§ **Material shown**:
• • • • •
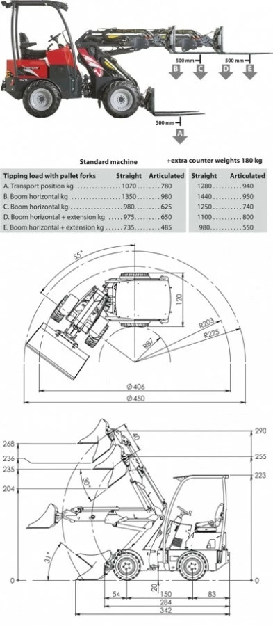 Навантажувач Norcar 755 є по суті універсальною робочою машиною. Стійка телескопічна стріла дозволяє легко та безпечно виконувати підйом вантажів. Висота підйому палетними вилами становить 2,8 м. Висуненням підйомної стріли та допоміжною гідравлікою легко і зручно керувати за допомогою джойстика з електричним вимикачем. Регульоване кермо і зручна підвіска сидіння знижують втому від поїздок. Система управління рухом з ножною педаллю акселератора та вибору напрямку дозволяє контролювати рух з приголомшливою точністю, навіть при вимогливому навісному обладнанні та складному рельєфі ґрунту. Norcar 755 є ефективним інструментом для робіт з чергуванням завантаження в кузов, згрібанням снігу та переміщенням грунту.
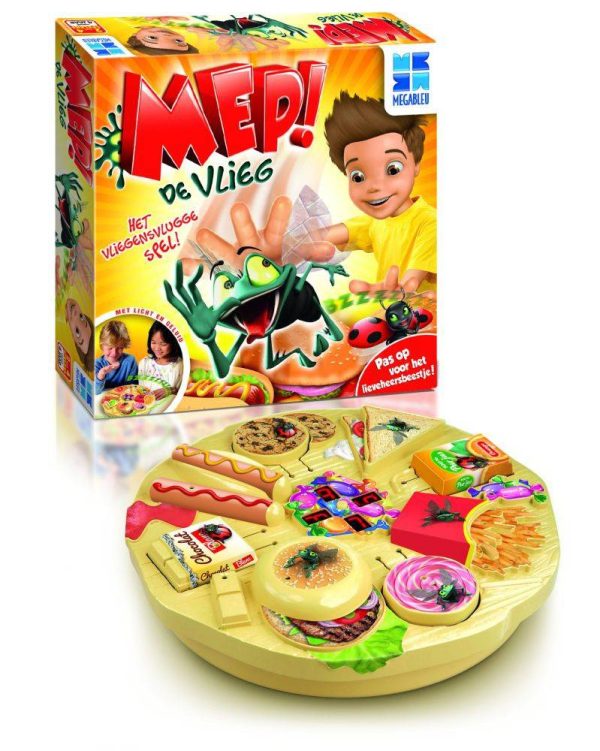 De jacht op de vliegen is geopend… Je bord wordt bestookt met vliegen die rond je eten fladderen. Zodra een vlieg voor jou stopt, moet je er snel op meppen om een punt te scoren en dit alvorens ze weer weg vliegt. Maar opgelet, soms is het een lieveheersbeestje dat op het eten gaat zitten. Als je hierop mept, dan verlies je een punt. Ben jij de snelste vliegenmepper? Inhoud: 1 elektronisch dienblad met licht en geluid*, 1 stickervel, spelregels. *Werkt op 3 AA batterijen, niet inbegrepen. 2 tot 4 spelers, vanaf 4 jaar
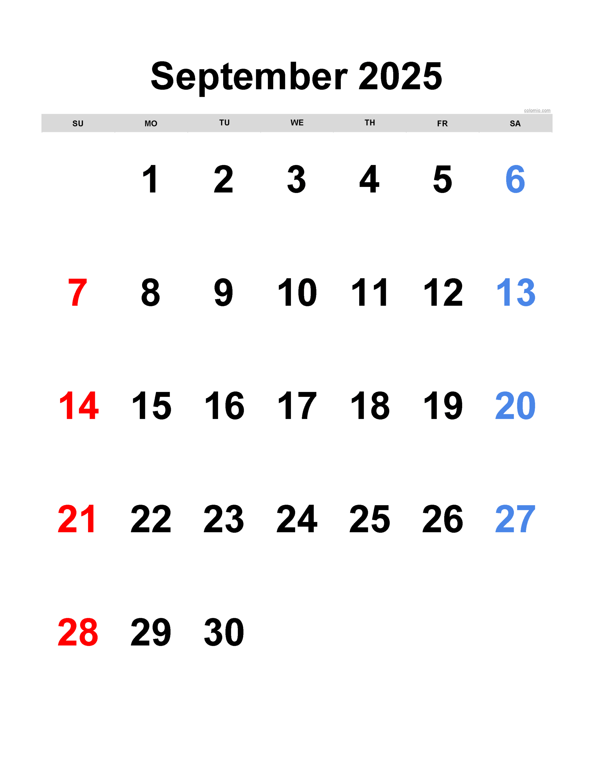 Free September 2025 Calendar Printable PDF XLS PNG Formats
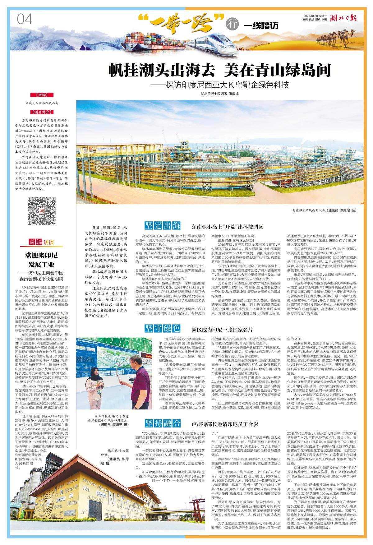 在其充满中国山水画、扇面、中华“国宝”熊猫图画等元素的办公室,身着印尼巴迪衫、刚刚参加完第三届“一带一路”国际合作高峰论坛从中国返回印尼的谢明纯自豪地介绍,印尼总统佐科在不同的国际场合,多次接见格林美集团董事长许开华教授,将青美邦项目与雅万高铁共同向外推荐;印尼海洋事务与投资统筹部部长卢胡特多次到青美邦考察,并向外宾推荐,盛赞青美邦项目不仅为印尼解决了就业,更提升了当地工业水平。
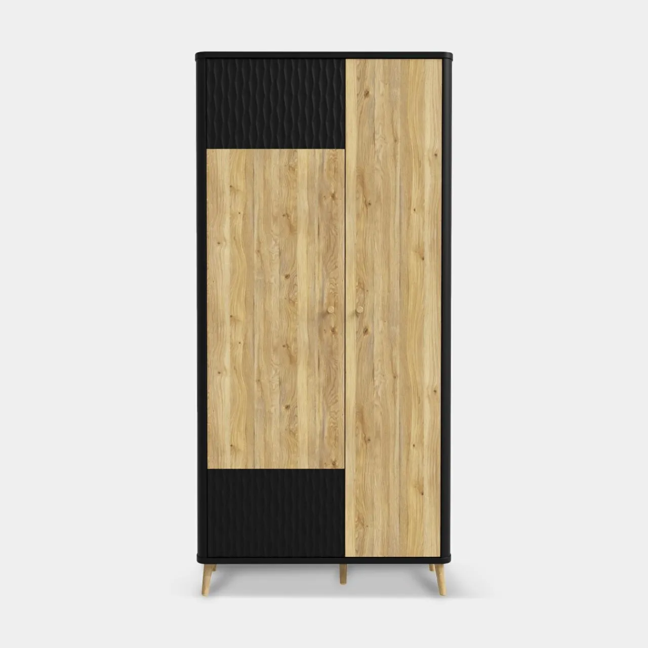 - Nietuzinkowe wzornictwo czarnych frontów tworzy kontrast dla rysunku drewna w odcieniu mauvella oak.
• • • • •
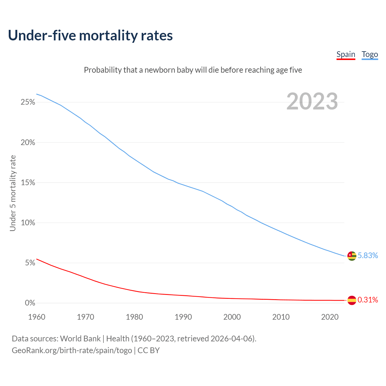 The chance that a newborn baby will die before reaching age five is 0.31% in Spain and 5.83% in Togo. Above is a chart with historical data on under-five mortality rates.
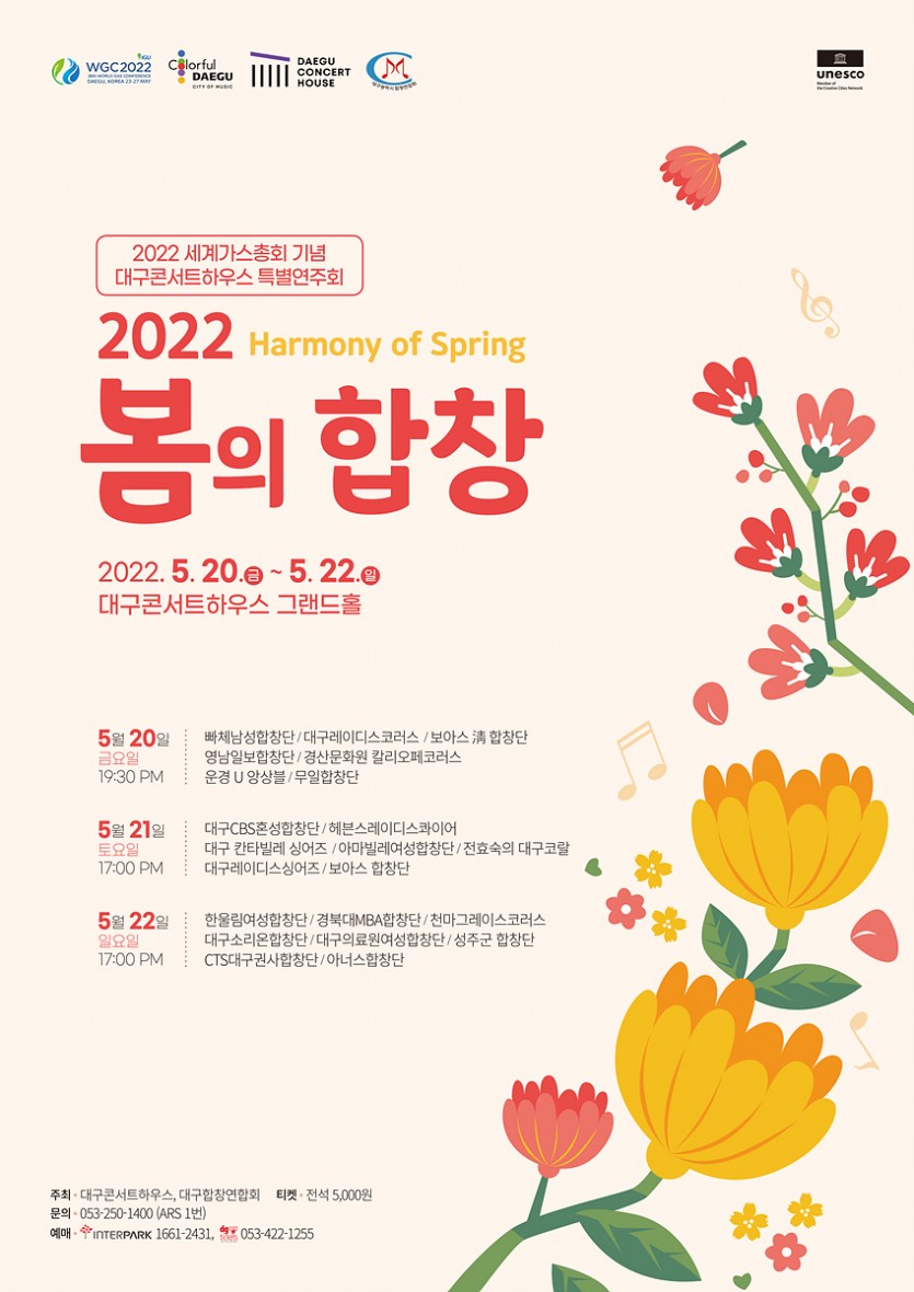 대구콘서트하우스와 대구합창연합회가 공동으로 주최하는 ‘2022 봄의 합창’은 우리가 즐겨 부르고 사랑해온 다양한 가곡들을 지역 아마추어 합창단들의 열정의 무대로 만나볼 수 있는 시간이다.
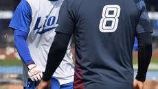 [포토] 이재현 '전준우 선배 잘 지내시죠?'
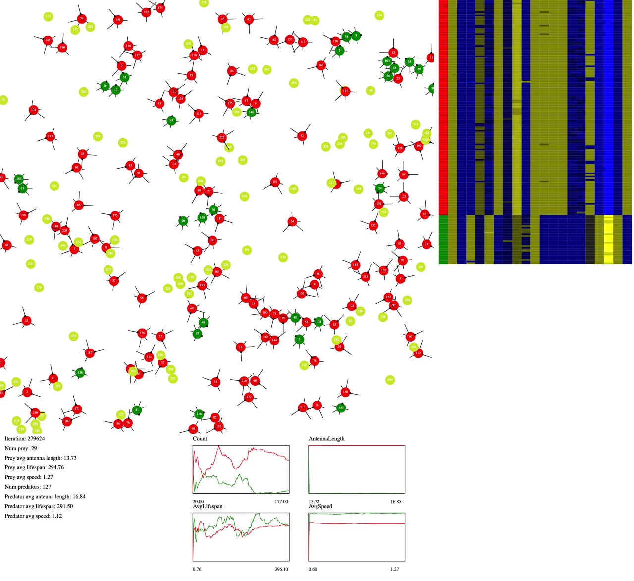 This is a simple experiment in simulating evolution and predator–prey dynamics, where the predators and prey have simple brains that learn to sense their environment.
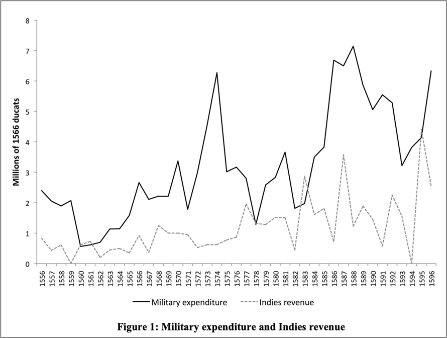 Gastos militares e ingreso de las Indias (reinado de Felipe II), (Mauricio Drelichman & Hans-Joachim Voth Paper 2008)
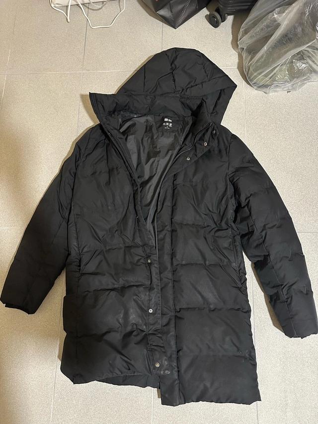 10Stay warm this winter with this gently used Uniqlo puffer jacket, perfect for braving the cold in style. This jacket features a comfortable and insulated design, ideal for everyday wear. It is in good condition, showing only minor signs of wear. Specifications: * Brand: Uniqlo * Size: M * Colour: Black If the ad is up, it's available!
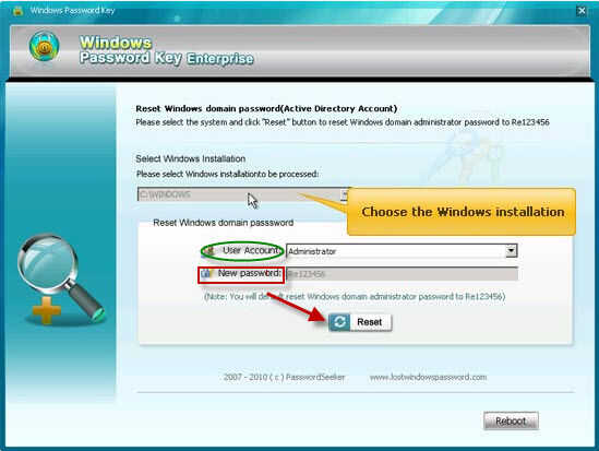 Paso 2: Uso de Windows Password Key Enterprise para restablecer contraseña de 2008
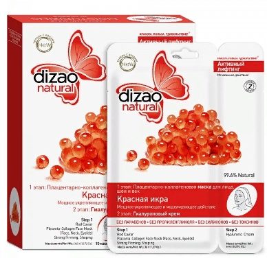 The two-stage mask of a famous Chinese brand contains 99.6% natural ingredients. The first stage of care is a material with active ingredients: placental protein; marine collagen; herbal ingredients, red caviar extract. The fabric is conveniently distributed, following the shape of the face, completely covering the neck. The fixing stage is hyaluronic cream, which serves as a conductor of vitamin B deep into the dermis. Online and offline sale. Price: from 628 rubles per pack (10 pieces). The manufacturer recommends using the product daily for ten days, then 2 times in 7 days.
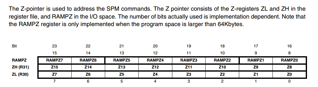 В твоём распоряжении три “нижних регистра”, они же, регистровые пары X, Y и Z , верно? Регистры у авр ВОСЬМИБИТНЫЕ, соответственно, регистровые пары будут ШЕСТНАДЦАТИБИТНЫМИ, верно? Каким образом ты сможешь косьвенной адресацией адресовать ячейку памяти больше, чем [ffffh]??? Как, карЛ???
• • • • •
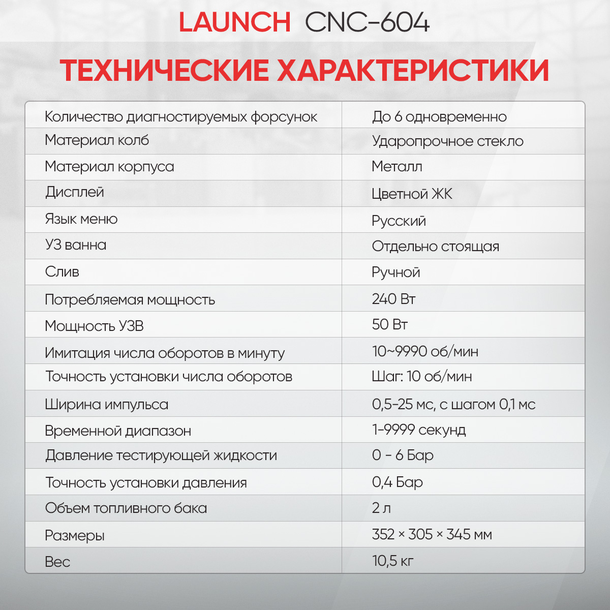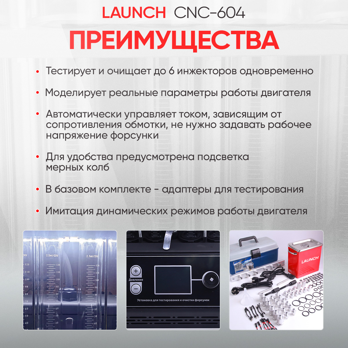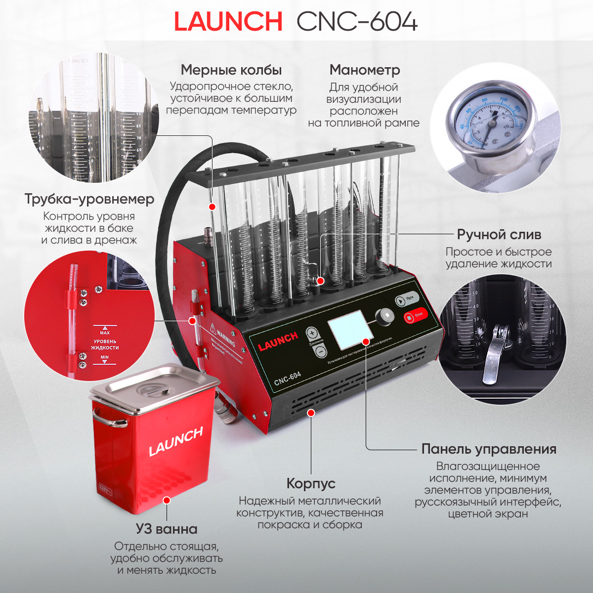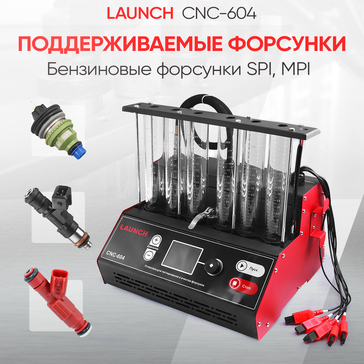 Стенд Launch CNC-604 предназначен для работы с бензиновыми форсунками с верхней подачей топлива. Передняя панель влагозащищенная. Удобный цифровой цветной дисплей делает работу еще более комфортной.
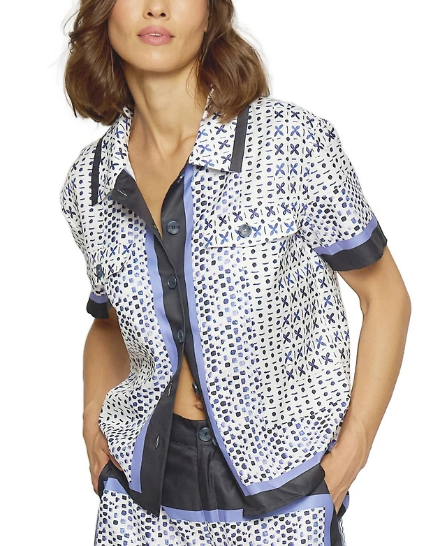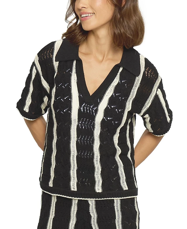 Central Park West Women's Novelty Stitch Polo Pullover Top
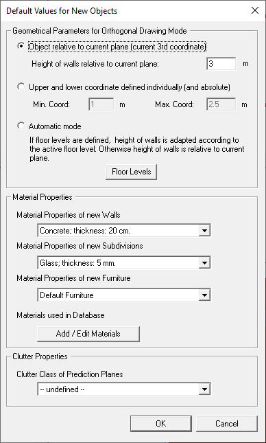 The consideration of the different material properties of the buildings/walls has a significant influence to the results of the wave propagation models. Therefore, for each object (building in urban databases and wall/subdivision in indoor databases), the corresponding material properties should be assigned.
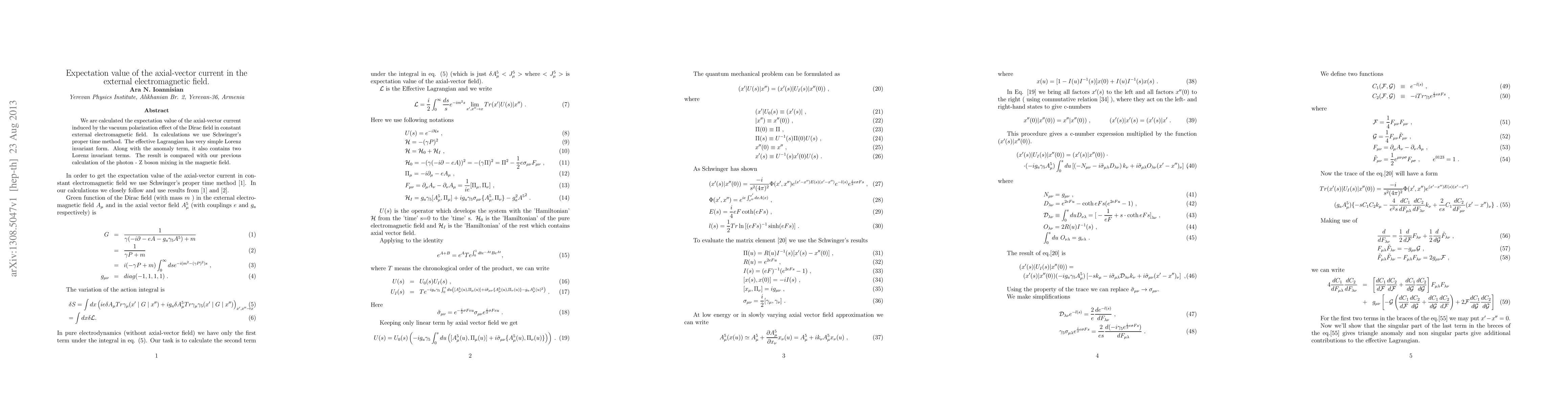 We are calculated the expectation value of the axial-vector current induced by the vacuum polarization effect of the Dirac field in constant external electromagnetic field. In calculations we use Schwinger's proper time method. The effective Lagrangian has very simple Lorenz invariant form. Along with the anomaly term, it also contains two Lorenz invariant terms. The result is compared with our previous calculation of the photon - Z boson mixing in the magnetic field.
• • • • •
§ **Exercise directions**:
Within the entries above, give again exactly the lines starting at the one that contains "[포토] 이재현 '전준우 선배 잘 지내시죠?'" and ending at the one that contains "10Stay warm this", leaving out the pictures.

§ **Answer for the task**:
 [포토] 이재현 '전준우 선배 잘 지내시죠?'
 This is a simple experiment in simulating evolution and predator–prey dynamics, where the predators and prey have simple brains that learn to sense their environment.
 Gastos militares e ingreso de las Indias (reinado de Felipe II), (Mauricio Drelichman & Hans-Joachim Voth Paper 2008)
 10Stay warm this winter with this gently used Uniqlo puffer jacket, perfect for braving the cold in style. This jacket features a comfortable and insulated design, ideal for everyday wear. It is in good condition, showing only minor signs of wear. Specifications: * Brand: Uniqlo * Size: M * Colour: Black If the ad is up, it's available!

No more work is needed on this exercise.